Miller quieted his fears by explaining the lady was his wife, who had brought him some important papers from home for a business meeting the following morning. The porter, a simple country lad with an indecipherable Hessian accent, took his tip and left.
Sigi threw her arms around him as he kicked the door shut. “Where have you been? What are you doing here?” He shut off the questions in the simplest way, and by the time they parted Sigi’s cold cheeks were flushed and burning and Miller was feeling like a fighting rooster.
He took her coat and hung it on the hook behind the door. She started to ask more questions.
“First things first,” he said and pulled her down onto the bed, still warm under the thick feather cushion, where he had lain dozing.
She giggled. “You haven’t changed.” She was still wearing her hostess dress from the cabaret, low-cut at the front, with a skimpy sling-bra beneath it. He unzipped the dress down the back and eased the thin shoulder-straps off.
“Have you?” he asked quietly.
She took a deep breath and lay back as he bent over her, pushing herself toward his face. She smiled.
“No,” she murmured, “not at all. You know what I like.”
“And you know what I like,” muttered Miller indistinctly.
She squealed. “Me first. I’ve missed you more than you’ve missed me.” There was no reply, only silence disturbed by Sigi’s rising sighs and groans.
It was an hour before they paused, panting and happy, and Miller filled the glass with brandy and water.
Sigi sipped a little, for she was not a heavy drinker, despite her job, and Miller took the rest.
“So,” said Sigi teasingly, “first things having been dealt with-”
“For a while,” interjected Miller.
She giggled. “For a while.
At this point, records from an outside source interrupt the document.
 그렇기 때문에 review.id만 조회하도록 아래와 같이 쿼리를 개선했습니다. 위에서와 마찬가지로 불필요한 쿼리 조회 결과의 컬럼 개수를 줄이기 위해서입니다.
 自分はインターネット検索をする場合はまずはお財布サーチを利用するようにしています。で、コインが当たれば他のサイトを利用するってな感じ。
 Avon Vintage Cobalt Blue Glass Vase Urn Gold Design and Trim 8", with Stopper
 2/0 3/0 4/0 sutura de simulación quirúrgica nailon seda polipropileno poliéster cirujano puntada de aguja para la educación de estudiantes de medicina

Would you mind telling me why the mysterious letter, why the six-week absence, why that awful skin-head haircut, and why this small room in an obscure hotel in Hesse?” Miller grew serious. At length be rose, still naked, crossed the room, and came back with his document case.
He seated himself on the edge of the bed.
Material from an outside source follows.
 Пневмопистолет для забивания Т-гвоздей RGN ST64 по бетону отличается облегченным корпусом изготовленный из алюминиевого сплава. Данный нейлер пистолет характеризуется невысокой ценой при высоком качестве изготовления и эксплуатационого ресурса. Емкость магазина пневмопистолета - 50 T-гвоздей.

“You’re going to learn pretty soon what I’ve been up to,” he said. “So I may as well tell you now.” He talked for nearly an hour, starting with the discovery of the diary, which he showed her, and ending with the break into the forger’s house.
As he talked, she grew more and more horrified.
“You’re mad,” she said when he had finished. “You’re stark, staring, raving mad. You could have got yourself killed or imprisoned or a hundred things.”
“I had to do it,” he said, bereft of an explanation for things that now seemed to him to have been crazy.
“All this for a rotten old Nazi? You’re nuts. It’s over, Peter, all that is over. What do you want to waste your time on them for?” She was staring at him in bewilderment.